Includes: AEP, D, DUK, EXC, SO, XLU
by: Stone Fox Capital

The utility sector has been very successful over the last two years as the Utilities Select Sector SPDR ETF (NYSEARCA:XLU) has easily outgained the S&P 500 index. The sector has been attractive to investors as the high dividends pay considerably more than the 10 Year Treasury that remains stuck below 2%. Now it is probably the time to consider utility stocks as played out, though investors shouldn't expect the stocks to crash. In fact, the stocks are likely to continue gaining and reaping decent dividends, but the likelihood of outpacing the market is greatly reduced at these levels.

Strong 2-Year Gains

For low growth stocks, the utility sector has been on fire the last couple of years. American Electric Power (NYSE:AEP), Dominion Resources (NYSE:D), and Duke Energy (NYSE:DUK) have had phenomenal gains of over 40% during that time period, compared to the S&P 500 at 22%. In fact, Southern (NYSE:SO) has been disappointing by only generating gains of 34%, though inline with the XLU. Exelon (NYSE:EXC) is the major failure in the group, with less than a 1% gain. Investors in that utility must be disappointed, as the sector left it behind.

AEP Total Return Price Chart

AEP Total Return Price data by YCharts

High PEs

The large gainers are starting to see substantial gains in the PE ratio to levels that aren't normal for a low growth sector. As an example, analysts only expect American Electric Power to grow earnings by 2% this year, yet the stock trades at 16x earnings expectations. Typically investors wouldn't be willing to pay 16x forward earnings for virtually no growth. Such a stock would normally see limited gains as a 3.9% dividend yield wouldn't pay investors enough return to stick around. The chart below highlights the forward PE ratios for the listed utility stocks:

AEP Forward PE Ratio Chart

AEP Forward PE Ratio data by YCharts

Declining Dividends

The average dividend yield of the group has declined from around 5% a few years back to around 4% now. In fact, Dominion Resources has dropped to 3.7%, yet it still doubles the rate of the 10 Year Treasury Bond at 1.73%. A lot of income-starved investors will be satisfied with those yields for several years. It sure beats investing in a government bond that only yields 1.7% and could lose substantial value in a rising rate environment.
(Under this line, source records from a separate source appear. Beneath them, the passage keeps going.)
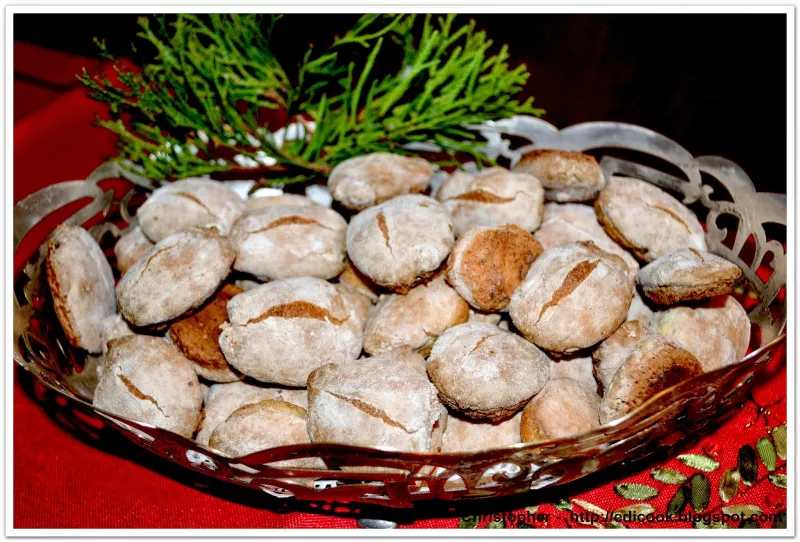 Advent anise "peanuts" Składniki. 2 jajka 10 dag cukru kryształ 10 dag cukru pudru 20 dag maki pszennej 3 łyżki zmielonych migdałów 1/4 łyżeczki pieprzu 2 gwiazdki anyżu Wykonanie. Jajka ubić z cukrem na gładką masę. Dodać cukier puder, pieprz, mąkę i zmielone orzechy .Zagnieść ciasto. Przykryć i odstawić na 2 h w ciepłe miejsce. Na stolnicy oprószonej mąką uformować wałki o średnicy 1 cm. Łyżeczką odcinać kawałki o długości 3 cm, powinny przypominać orzechy włoskie. Mnie to różnie wychodzi....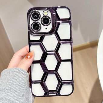 For iPhone 11 Pro Max Electroplating Laser Engraving 3D Honeycomb Clear TPU Phone Case(Purple)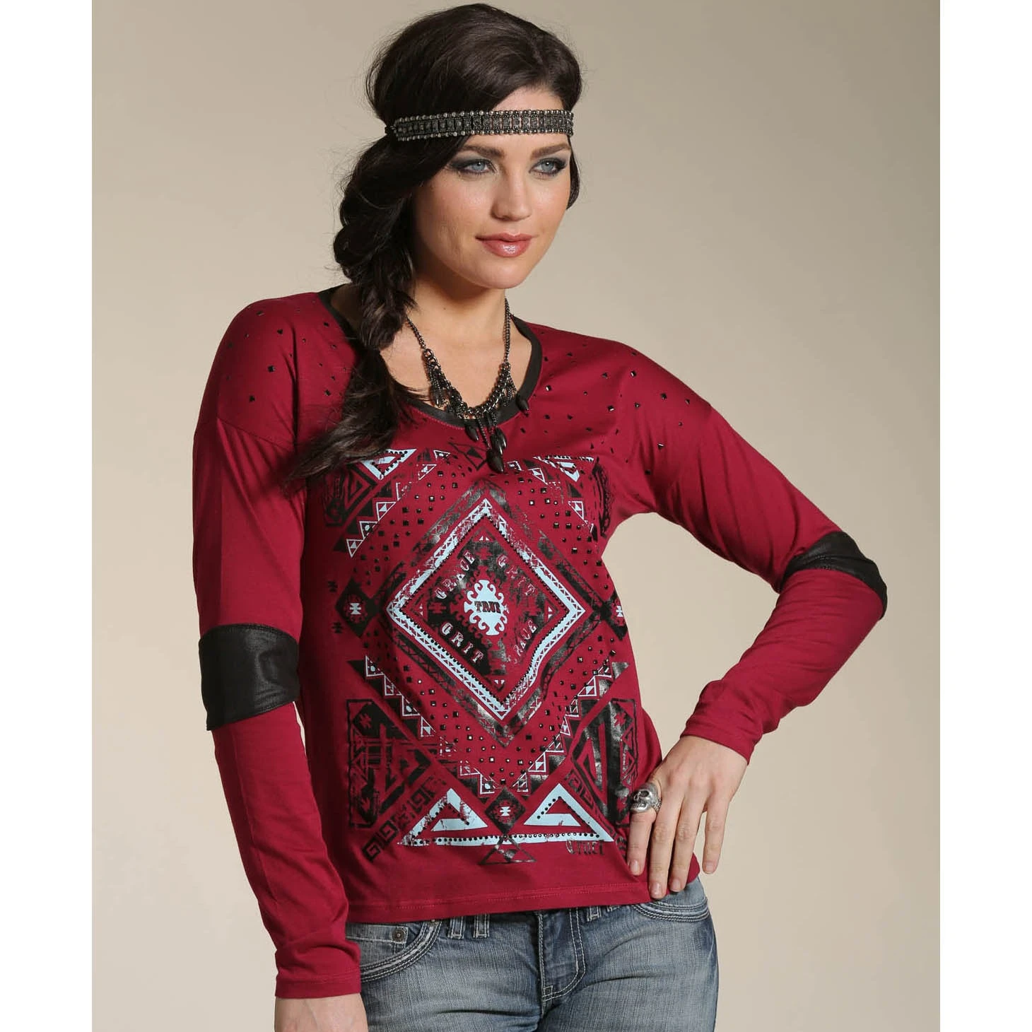 Cruel Girl Women’s Aztec design long sleeve shirt. Spice it up with this unique cotton top from Cruel Girl featuring a patched Aztec jersey design.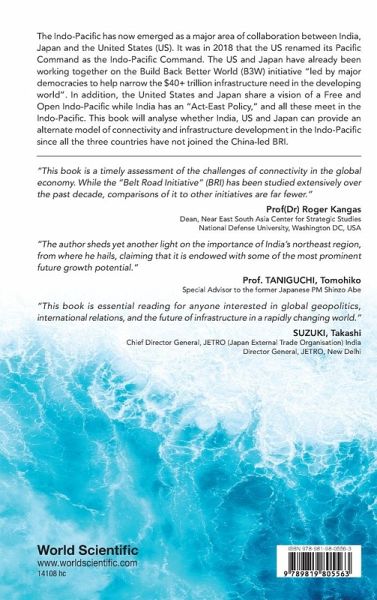 The Indo-Pacific has now emerged as a major area of collaboration between India, Japan and the United States (US). It was in 2018 that the US renamed its Pacific Command as the Indo-Pacific Command. The US and Japan have already been working together on the Build Back Better World (B3W) initiative "led by major democracies to help narrow the $40+ trillion infrastructure need in the developing world". In addition, the United States and Japan share a vision of a Free and Open Indo-Pacific while India has an "Act-East Policy," and all these meet in the Indo-Pacific. This book will analyse whether India, US and Japan can provide an alternate model of connectivity and infrastructure development in the Indo-Pacific since all the three countries have not joined the China-led BRI.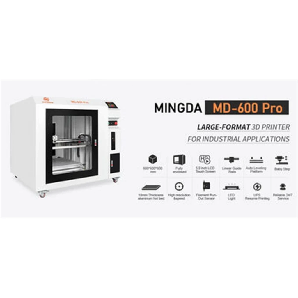 MD-600 Pro, standart masaüstü 3D yazıcıların 10 katı ( 600 * 600 * 600 mm) olacak şekilde büyük bir basım hacmine sahiptir. Tamamen kapalı bir baskı odası ve sıcaklık kontrollü filament haznesine sahip olan ve hızlı ısınma performansına sahip MD-600 Pro, gelişmiş malzemelerle inanılmaz sonuçlar üretir.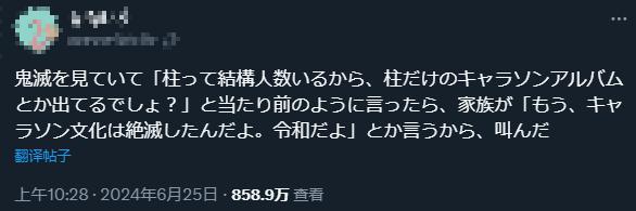 秉持着角色形象完整,如果有一首角色曲來搭配就再好不過的想法,有粉絲在日推上調侃,說在和家人聊天時暢想所有柱會合在一起,出一張角色歌專輯。隨後就被家裏人潑了一盆冷水:“角色歌這種文化已經滅絕了。現在已經是令和了。”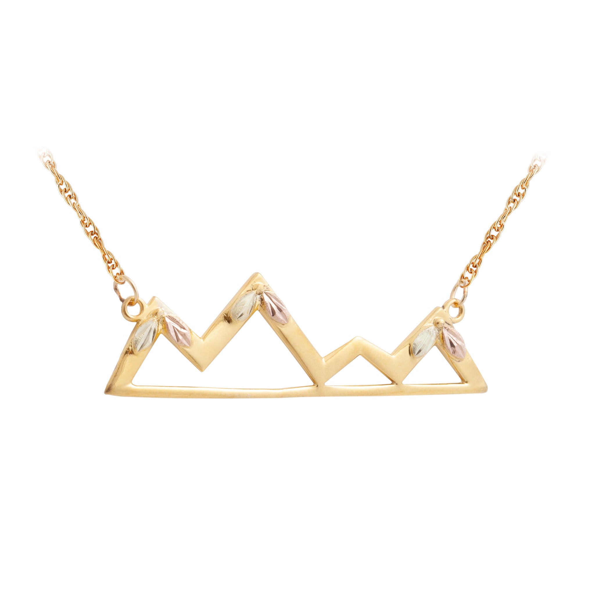 Carry A Little Piece Of The Mountains With You With This Mountain Range Pendant! This Pendant Features Mountain Peaks Accented With Our Signature 12K Black Hills Leaves In The Colors Pink & Green (6); This Pendant Comes On A Complimentary 18″ Festoon Hamilton Chain.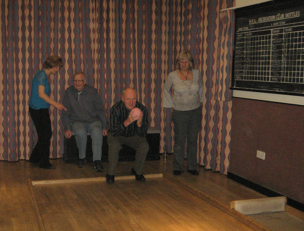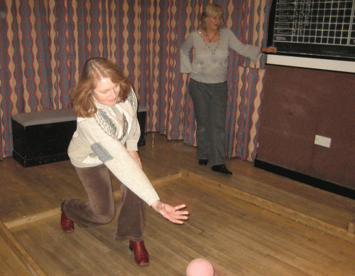Margaret uses the underarm bowling technique. Behind her Julia maintains the score..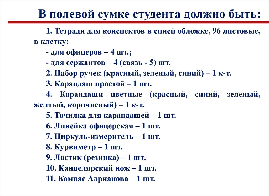 В полевой сумке студента должно быть:1. Тетради для конспектов в синей обложке, 96 листовые,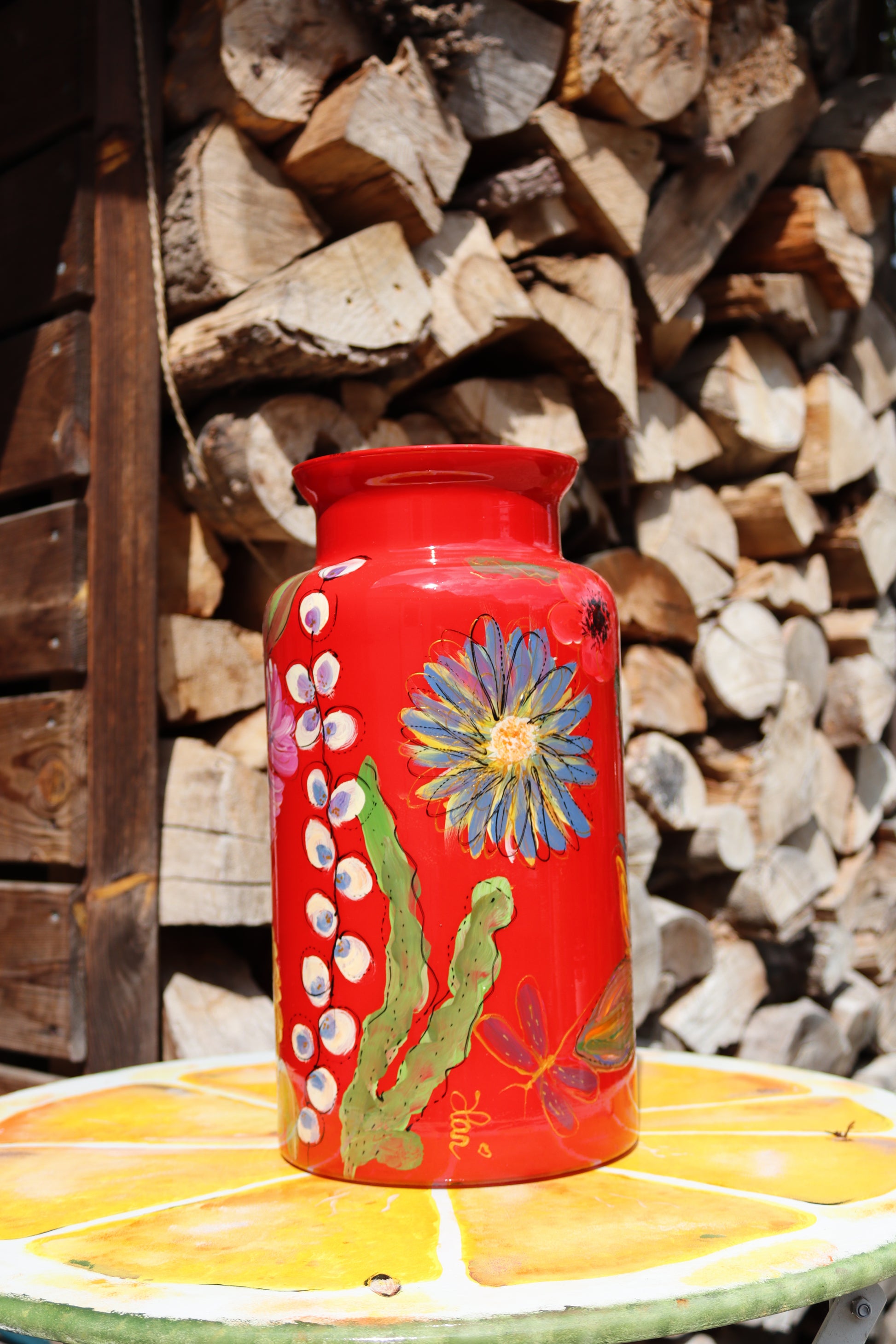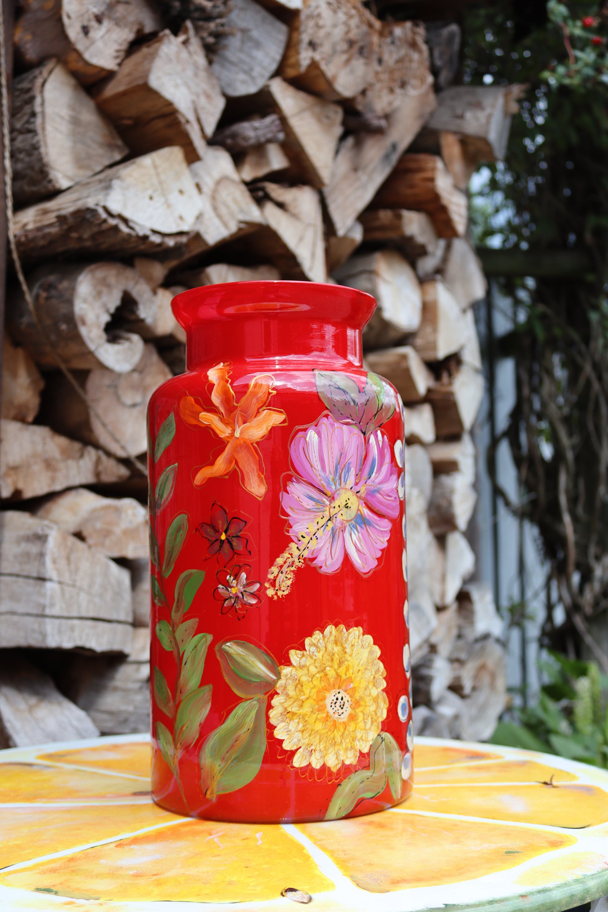 Deze handgemaakte vaas is een echt kunstwerk dat de schoonheid van de natuur in huis brengt. Met haar levendige rode kleur als achtergrond en het delicate bloemenmotief, straalt de vaas niet alleen kleur en leven uit, maar vertelt ook een verhaal van creativiteit en vakmanschap. De bloemen zijn met zorg geschilderd, elk in een unieke tint, van zachte paarse tinten tot levendige oranje bloemen. Het samenspel van de kleuren maakt de vaas een betoverend stuk dat je kamer tot leven brengt.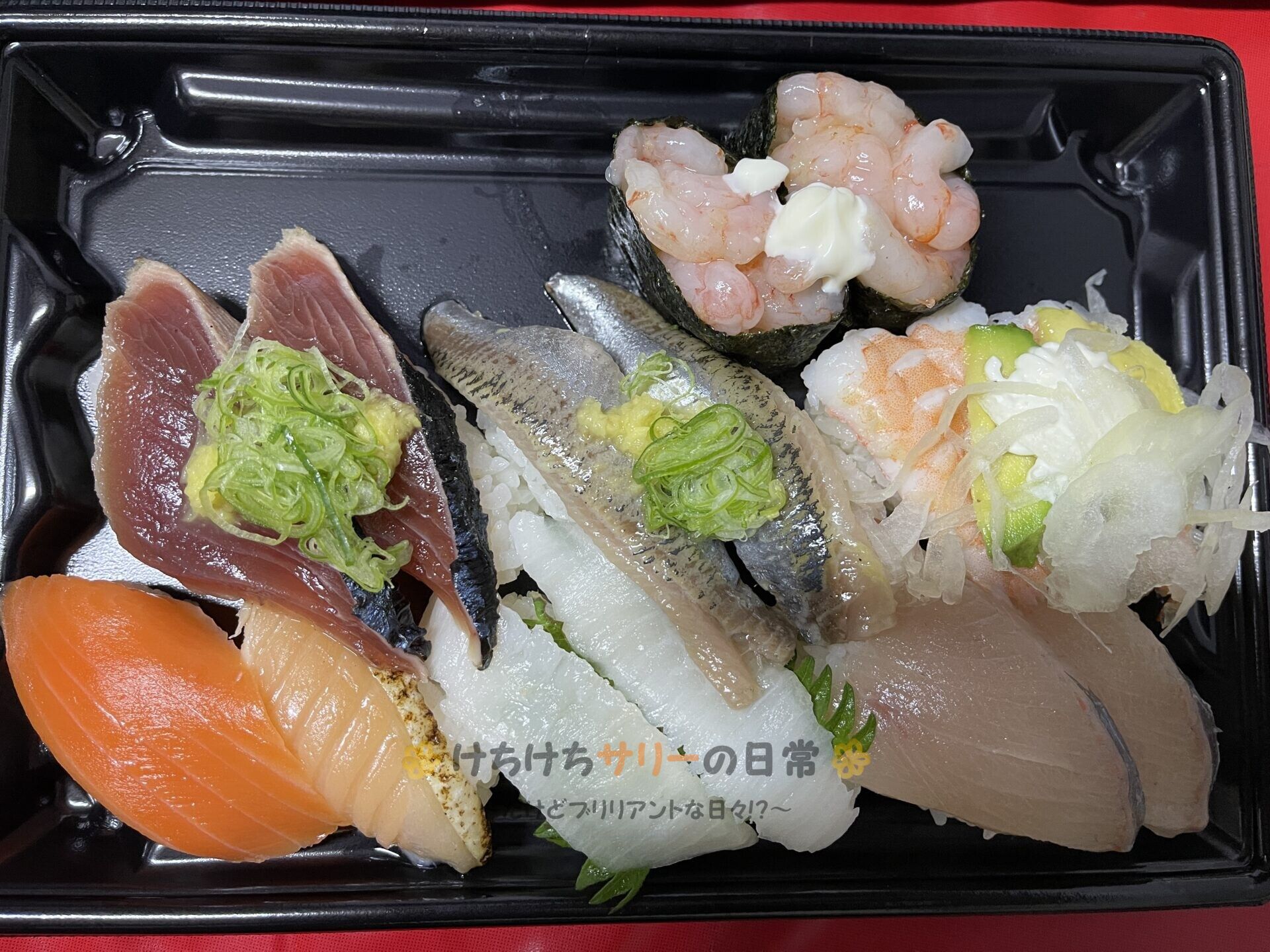 ⚫︎一本釣りカツオのたたき、●北海道いわし(ネギ・生姜)、⚫︎えびアボカド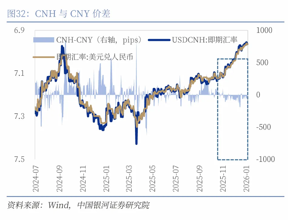 11月底以来人民币汇率加速升值主要受到两个因素的推动:其一,市场进入“弱美元”交易,11月末至今美元指数从100.22下跌至97.51,跌幅近2.7%。非美货币普遍呈现升值;其二,从内部来看,年末人民币结汇需求通常季节性走强,叠加较强的升值预期,2025年年末的结汇需求显著强于季节性,12月银行代客结售汇顺差达999亿美元创历史新高,外汇供求关系有利于人民币走强。但是我们观察到央行已释放逆周期调节的政策信号,我们认为人民币汇率将呈现稳健的升值状态,而非“急涨”。观察历史数据,1月份人民币季节性结汇需求也相对较强,但2月、3月通常会季节性走弱,升值速率也会放缓。从技术层面来看,人民币汇率下一个比较重要的点位可能在6.85。全年来看,人民币汇率依然是双向波动,不会呈现单边的升值走势。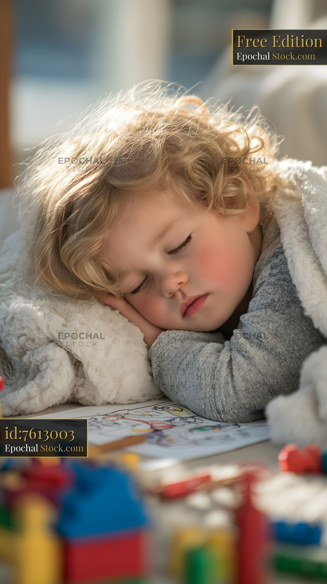 A young child with blonde curls sleeps deeply on a soft white blanket. Warm sunlight brightens the scene, highlighting their peaceful face.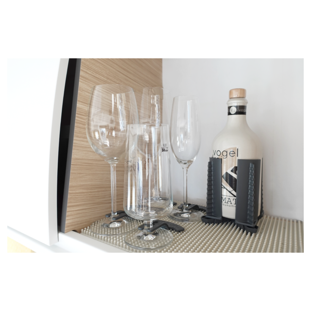 Yhdessä koristellun levyn kanssa IVY-lasitelinettä voidaan käyttää missä tahansa laatikossa, säilytyslokerossa, säilytyslaatikossa, lääkekaapissa ja paljon muualla, jolloin lasit voidaan kuljettaa pystyasennossa. Se tarjoaa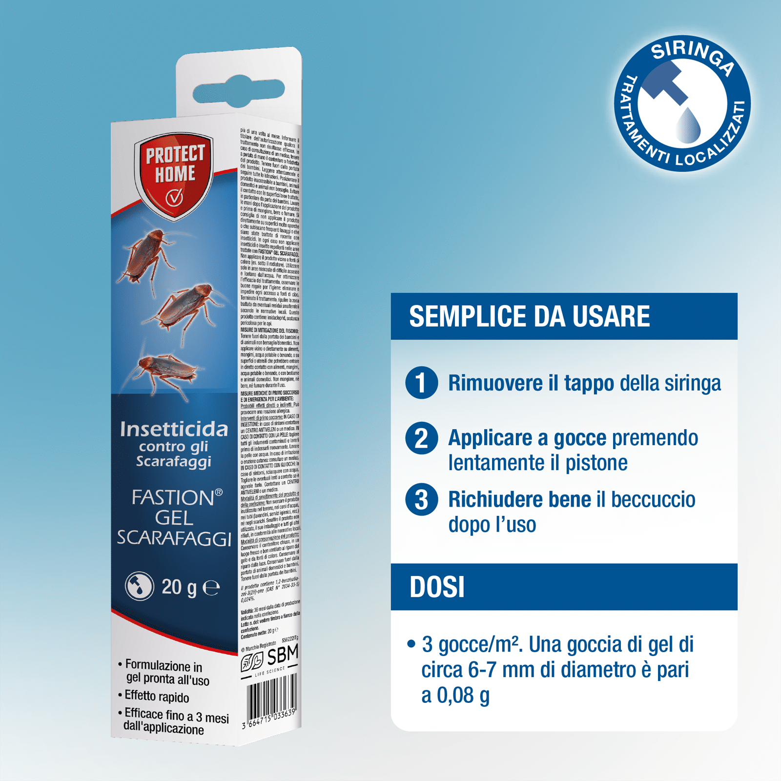 Eccellente una goccia ogni 50 cm intorno alla porta o nei battiscopa in legno,in qualsiasi buco delle mattonelle o muro sotto i lavelli dove esce lo scarico ,tubo del gas ,ecc.Ripeyere dopo 1 settimana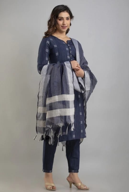 Monika Striped, Woven, Self Design, Solid Kurta, Trouser/Pant & Dupatta Set Special price
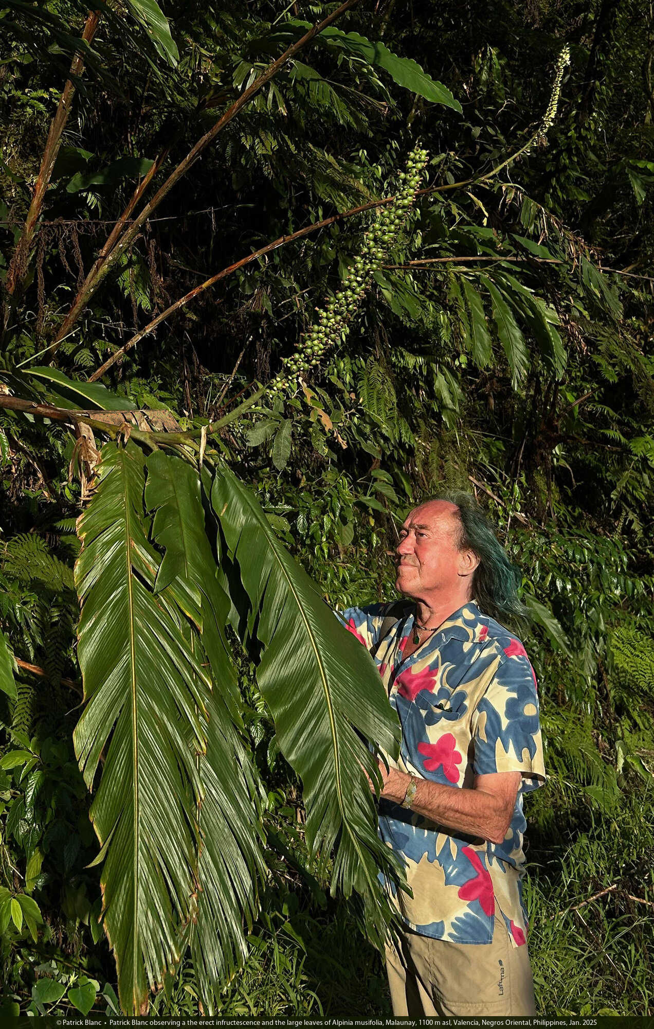 Patrick Blanc observing a the erect infructescence and the large leaves of Alpinia musifolia, Malaunay, 1100 m asl, Valencia, Negros Oriental, Philippines, Jan. 2025

Utility stocks have seen substantial gains in the past few years and aren't nearly as attractive now, but investors shouldn't expect any declines in the stocks. The sector isn't likely to outperform growth stocks at these levels, but it should easily do better than bonds. Rising interest rates will only push investors out of bonds and into stocks. Those new stock investors might not load up on utility stocks, but they should buy enough to keep the prices elevated until bond rates outpace the dividend yields at some point in the distant future.

Disclosure: I have no positions in any stocks mentioned, and no plans to initiate any positions within the next 72 hours. I wrote this article myself, and it expresses my own opinions. I am not receiving compensation for it (other than from Seeking Alpha). I have no business relationship with any company whose stock is mentioned in this article.

Disclaimer: The information contained herein is for informational purposes only. Nothing in this article should be taken as a solicitation to purchase or sell securities. Before buying or selling any stock you should do your own research and reach your own conclusion or consult a financial advisor. Investing includes risks, including loss of principal.